Kai membuka pintu kamar Luhan dan mendekati sosok kecilnya yang bersembunyi dibalik selimut "Lu" panggilnya membangunkan Luhan yang baru beberapa jam tanpa Sehun terlihat sangat kacau.
"Eunghhmm" balas Luhan membalikkan badannya menghadap Kai "Ayo makan cantik, kau bisa sakit kalau tak makan" bujuk Kai bermain di poni Luhan.
"Sehunnie mana?" Tanya Luhan dengan suara tercekat, Kai benar-benar akan menangis kalau saja dia tidak menahan diri, dia sangat tidak tega melihat Luhan yang seperti ini "Maaf Lu, kami belum menemukannya" katanya menghapus airmata Luhan yang entah kenapa terus keluar hari ini.
"Makan ya?" Bujuk Kai mengusak sayang rambut Luhan. Luhan menggeleng lemah "Bagaimana bisa aku makan kalau ternyata disana Sehunnie kelaparan, aku baik-baik saja Kai. Kau tidurlah" isak Luhan perlahan dan kembali membalikan badannya ke arah yang berlawanan dengan Kai, dia menaikkan selimutnya dan tak lama bahunya kembali bergetar mengingat Sehun yang entah dimana "Kita akan menemukan Sehun, Lu. Jangan menangis hmm" ujar Kai bersandar di bahu Luhan dan mengelus sayang rambut rusanya agar tak menangis.
Luhan percaya pada Kai dan Chanyeol.
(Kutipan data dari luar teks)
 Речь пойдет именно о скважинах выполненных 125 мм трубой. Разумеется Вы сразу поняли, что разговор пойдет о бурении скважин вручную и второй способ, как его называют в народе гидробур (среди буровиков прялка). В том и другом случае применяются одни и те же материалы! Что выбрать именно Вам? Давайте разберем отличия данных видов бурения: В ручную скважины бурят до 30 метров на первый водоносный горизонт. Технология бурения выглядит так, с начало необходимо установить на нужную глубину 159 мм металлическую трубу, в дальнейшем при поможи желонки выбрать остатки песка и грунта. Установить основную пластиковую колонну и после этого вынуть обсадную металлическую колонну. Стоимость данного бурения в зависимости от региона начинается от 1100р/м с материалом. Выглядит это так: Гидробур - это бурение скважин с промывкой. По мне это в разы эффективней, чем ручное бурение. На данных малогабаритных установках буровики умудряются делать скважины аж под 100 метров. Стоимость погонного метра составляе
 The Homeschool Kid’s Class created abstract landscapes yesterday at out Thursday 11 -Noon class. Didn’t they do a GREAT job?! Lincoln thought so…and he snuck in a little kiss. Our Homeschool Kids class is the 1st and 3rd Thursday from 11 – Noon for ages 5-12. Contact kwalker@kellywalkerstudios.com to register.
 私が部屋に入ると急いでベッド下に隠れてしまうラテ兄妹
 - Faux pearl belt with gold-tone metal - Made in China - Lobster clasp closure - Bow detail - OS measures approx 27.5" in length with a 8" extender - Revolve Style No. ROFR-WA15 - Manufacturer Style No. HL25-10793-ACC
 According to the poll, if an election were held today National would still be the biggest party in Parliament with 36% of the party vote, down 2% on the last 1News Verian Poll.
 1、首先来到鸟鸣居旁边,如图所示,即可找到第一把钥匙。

Luhan percaya kalau kedua temannya akan menemukan kekasihnya, tapi untuk sekarang sangat sulit untuknya berpura-pura bertindak seolah Sehun baik-baik saja, dia benar sangat merindukan kekasihnya dan ingin memeluknya saat ini.
..
..
..
Tiga hari telah berlalu, namun kabar tentang keberadaan Sehun seperti lenyap ditelan bumi, membuat ketiga orang temannya sepperti mati secara batin terutama Luhan. Luhan mati secara fisik dan batin, dia tidak menyentuh makanannya sejak tiga hari yang lalu, dia hanya meminum air itupun hanya seteguk, Kai, chanyeol dan yang lainnya benar-benar dibuat frustasi karena sikap Luhan yang bersikeras tak memakan apapun sejak tiga hari yang lalu, dia mengatakan tidak akan bisa makan mengingat Sehunnya yang belum tentu diberi makan disana.
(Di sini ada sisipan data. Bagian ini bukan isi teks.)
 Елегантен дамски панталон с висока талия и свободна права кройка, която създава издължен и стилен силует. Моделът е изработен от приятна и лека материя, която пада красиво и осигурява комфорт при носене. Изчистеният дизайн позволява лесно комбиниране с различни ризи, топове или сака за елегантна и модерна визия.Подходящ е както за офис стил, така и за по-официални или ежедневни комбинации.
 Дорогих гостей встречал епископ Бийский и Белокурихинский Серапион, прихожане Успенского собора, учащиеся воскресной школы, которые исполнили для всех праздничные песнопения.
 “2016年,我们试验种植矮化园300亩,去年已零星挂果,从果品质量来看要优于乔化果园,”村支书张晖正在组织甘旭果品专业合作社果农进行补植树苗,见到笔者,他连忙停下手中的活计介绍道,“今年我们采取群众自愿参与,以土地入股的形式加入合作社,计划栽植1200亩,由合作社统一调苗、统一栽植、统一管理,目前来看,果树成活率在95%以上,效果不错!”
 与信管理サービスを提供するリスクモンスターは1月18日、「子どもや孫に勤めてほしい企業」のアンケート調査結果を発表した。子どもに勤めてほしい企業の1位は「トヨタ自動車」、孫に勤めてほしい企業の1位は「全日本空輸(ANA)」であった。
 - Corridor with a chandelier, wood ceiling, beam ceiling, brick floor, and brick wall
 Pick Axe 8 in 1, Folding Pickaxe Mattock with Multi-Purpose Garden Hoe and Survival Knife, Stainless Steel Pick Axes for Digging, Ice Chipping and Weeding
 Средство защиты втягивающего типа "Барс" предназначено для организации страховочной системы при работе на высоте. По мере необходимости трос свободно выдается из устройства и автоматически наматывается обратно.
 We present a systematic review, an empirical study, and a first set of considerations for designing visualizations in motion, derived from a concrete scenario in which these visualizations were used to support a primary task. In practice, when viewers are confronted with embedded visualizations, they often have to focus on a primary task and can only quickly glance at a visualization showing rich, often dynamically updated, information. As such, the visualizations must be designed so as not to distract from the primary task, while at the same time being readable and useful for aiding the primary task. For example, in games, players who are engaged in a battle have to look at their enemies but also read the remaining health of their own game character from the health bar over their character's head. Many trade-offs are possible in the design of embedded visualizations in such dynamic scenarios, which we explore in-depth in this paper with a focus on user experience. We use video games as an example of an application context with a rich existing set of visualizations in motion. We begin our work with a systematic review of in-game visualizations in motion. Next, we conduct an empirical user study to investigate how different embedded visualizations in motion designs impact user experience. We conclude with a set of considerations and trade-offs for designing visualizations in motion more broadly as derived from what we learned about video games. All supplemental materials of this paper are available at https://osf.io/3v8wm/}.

Dan benar saja firasat Luhan, entah ikatan batin mereka yang terlalu kuat atau bagaimana antara dirinya dengan Sehun. Karena saat ini, sudah tiga hari yang lalu, Sehun juga sama sekali tak menyentuh makanannya, dia tidak sudi makan makanan dari orang tuanya terutama dari seorang yang kelewat tamak seperti ayahnya, membuatnya terpaksa diinfus karena terus menyakiti dirinya sendiri.
Sehun sendiri sebenarnya tak ingin menyentuh makanannya karena menebak pasti Luhan tak makan juga, memikirkan rusanya menyakiti dirinya sendiri sudah membuatnya tambah tak bernafsu untuk memakan apapun, belum lagi ayahnya akan terus membiusnya kalau dirinya terus berusaha untuk kabur atau berteriak, membuat seorang Oh Sehun benar-benar tampak seperti mayat hidup sekarang.
Seperti saat ini, Sehun baru sadar dari efek obat bius yang diberikan kepadanya, walau sedang diinfus ayahnya tanpa hati nurani tetap membius putranya yang terus meronta dalam keadaan lemas. Saat membuka matanya Sehun mendapati dua pembantu rumah tangganya mengelilinginya "Tuan muda, silakan makan makanan anda" katanya berdiri menunggu respon dari Sehun "Pergilah" ujar Sehun masih dengan nada mematikannya. "Tapi tuan besar bilang..."
PRANG!
Entah piring dan gelas keberapa yang sudah Sehun pecahkan tiga hari ini, dia marah, sangat marah, walau dengan keadaan lemas dirinya masih bisa membuat ulah membuat beberapa bodyguard menghampirinya siap membiusnya lagi.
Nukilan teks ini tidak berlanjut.